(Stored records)
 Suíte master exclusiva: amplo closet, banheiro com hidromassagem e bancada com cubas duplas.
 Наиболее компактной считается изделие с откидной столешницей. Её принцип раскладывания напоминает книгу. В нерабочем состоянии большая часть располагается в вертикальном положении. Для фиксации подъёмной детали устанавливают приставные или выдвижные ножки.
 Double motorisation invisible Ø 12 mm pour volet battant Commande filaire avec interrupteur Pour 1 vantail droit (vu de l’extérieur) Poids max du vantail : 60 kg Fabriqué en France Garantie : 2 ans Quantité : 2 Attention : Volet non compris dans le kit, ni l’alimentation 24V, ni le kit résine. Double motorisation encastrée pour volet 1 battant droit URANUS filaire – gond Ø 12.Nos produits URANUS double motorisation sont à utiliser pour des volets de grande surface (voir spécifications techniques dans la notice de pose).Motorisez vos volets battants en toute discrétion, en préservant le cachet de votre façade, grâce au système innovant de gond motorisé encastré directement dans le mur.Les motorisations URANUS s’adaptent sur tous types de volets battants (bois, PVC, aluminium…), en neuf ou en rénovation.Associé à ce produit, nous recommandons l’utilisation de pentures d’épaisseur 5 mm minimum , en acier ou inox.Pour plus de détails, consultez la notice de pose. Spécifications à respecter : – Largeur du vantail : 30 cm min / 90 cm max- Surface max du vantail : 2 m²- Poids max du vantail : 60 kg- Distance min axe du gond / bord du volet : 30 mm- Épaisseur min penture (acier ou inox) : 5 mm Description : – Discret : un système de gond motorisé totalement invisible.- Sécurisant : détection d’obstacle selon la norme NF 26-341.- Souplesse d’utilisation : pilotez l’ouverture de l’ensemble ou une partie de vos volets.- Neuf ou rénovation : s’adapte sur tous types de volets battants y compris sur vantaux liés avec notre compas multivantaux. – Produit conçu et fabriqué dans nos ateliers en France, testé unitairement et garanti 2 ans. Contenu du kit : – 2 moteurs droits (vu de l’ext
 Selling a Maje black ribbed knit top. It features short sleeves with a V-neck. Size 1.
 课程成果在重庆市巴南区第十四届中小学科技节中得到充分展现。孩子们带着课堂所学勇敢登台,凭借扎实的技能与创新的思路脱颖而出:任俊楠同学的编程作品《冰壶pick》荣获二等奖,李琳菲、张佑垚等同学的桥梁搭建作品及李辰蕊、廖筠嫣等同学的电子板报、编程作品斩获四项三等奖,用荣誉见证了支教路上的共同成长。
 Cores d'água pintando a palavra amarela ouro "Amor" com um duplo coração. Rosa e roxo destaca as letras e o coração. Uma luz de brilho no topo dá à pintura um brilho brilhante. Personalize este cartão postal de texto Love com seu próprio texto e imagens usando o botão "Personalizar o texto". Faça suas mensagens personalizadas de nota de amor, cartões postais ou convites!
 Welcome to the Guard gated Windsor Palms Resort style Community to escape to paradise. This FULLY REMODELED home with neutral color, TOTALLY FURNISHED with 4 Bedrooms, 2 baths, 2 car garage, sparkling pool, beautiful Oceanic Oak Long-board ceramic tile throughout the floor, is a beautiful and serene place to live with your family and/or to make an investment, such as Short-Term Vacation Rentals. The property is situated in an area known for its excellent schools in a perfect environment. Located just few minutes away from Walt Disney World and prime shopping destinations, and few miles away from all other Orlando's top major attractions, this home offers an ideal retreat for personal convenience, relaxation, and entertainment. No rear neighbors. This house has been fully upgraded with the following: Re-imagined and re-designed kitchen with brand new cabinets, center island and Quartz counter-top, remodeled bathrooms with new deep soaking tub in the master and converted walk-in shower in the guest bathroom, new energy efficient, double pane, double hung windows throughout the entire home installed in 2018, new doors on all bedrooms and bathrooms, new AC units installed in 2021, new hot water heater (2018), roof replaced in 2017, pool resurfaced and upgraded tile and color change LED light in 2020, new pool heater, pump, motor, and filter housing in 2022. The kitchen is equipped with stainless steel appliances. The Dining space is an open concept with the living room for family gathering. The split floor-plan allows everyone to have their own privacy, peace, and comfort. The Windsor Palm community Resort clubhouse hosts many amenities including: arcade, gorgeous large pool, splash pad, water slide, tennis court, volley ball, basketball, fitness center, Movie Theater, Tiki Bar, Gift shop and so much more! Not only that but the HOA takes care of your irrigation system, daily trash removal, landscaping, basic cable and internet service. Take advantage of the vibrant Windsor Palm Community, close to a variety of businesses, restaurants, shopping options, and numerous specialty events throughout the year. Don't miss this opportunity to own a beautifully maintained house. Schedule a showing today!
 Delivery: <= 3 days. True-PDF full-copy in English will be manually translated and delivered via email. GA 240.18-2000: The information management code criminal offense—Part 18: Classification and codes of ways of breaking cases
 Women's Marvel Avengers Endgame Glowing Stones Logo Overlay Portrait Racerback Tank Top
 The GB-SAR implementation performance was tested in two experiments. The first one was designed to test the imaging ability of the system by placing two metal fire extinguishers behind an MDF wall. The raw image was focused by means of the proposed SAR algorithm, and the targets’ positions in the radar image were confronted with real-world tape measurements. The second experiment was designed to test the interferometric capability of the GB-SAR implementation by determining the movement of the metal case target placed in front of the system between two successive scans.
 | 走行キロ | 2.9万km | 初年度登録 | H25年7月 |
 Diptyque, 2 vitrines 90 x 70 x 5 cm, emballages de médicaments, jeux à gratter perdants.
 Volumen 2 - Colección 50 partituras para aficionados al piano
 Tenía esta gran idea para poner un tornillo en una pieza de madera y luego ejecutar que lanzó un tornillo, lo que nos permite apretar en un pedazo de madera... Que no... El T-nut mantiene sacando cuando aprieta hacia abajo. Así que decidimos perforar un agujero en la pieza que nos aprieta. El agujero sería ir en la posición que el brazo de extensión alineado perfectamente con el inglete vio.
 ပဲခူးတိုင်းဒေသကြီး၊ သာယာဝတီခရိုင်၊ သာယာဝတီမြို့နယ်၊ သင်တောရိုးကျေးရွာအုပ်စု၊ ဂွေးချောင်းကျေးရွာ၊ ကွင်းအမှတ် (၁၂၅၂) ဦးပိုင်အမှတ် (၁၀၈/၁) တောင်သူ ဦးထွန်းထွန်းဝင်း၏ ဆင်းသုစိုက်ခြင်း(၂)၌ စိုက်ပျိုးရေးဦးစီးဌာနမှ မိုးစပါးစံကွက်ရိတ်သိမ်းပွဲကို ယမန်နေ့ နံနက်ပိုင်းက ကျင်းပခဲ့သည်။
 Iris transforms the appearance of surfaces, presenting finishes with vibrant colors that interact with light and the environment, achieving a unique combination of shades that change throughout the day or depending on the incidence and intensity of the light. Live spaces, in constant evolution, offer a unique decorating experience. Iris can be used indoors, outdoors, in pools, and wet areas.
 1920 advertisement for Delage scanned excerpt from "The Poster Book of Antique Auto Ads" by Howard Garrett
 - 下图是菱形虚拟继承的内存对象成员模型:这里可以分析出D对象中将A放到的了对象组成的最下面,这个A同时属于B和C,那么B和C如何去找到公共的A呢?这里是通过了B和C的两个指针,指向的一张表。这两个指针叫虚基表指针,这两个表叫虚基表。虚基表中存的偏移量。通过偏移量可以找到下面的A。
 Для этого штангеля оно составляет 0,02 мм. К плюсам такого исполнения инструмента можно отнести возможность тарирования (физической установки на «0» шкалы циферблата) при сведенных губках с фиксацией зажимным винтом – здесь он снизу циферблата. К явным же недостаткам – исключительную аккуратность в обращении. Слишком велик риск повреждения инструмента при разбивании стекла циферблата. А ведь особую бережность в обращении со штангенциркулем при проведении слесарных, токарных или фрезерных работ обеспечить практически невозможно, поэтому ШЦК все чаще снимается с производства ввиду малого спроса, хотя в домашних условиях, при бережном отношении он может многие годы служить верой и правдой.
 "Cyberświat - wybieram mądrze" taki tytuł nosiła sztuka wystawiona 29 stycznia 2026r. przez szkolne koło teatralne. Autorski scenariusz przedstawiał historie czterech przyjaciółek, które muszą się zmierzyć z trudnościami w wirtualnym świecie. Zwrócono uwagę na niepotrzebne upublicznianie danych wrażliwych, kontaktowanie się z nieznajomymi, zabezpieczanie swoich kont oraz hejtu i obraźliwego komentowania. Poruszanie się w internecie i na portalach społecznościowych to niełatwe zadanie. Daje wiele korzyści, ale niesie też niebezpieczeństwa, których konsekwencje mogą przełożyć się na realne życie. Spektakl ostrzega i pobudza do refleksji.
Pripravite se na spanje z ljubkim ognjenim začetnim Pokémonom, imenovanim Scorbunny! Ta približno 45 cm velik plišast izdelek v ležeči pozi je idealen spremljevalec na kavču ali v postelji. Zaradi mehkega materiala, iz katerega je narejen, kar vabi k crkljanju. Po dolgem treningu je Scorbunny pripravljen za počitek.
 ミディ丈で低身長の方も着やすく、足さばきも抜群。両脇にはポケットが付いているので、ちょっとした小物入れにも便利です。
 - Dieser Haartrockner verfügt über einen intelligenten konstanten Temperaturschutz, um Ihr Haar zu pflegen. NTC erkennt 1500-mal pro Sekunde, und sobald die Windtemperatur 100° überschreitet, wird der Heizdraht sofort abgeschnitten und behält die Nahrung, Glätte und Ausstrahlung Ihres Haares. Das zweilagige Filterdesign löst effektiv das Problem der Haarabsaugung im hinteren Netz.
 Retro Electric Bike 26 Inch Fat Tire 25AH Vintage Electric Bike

▸ **THE TASK**
Copy the lines above exactly. Start with the line containing "ပဲခူးတိုင်းဒေသကြီး၊ သာယာဝတီခရိုင်၊ သာယာဝတီမြို့နယ်၊", end with the line containing "- 下图是菱形虚拟继承的内存", and include both.

▸ **SOLUTION TO THIS PROBLEM**
 ပဲခူးတိုင်းဒေသကြီး၊ သာယာဝတီခရိုင်၊ သာယာဝတီမြို့နယ်၊ သင်တောရိုးကျေးရွာအုပ်စု၊ ဂွေးချောင်းကျေးရွာ၊ ကွင်းအမှတ် (၁၂၅၂) ဦးပိုင်အမှတ် (၁၀၈/၁) တောင်သူ ဦးထွန်းထွန်းဝင်း၏ ဆင်းသုစိုက်ခြင်း(၂)၌ စိုက်ပျိုးရေးဦးစီးဌာနမှ မိုးစပါးစံကွက်ရိတ်သိမ်းပွဲကို ယမန်နေ့ နံနက်ပိုင်းက ကျင်းပခဲ့သည်။
 Iris transforms the appearance of surfaces, presenting finishes with vibrant colors that interact with light and the environment, achieving a unique combination of shades that change throughout the day or depending on the incidence and intensity of the light. Live spaces, in constant evolution, offer a unique decorating experience. Iris can be used indoors, outdoors, in pools, and wet areas.
 1920 advertisement for Delage scanned excerpt from "The Poster Book of Antique Auto Ads" by Howard Garrett
 - 下图是菱形虚拟继承的内存对象成员模型:这里可以分析出D对象中将A放到的了对象组成的最下面,这个A同时属于B和C,那么B和C如何去找到公共的A呢?这里是通过了B和C的两个指针,指向的一张表。这两个指针叫虚基表指针,这两个表叫虚基表。虚基表中存的偏移量。通过偏移量可以找到下面的A。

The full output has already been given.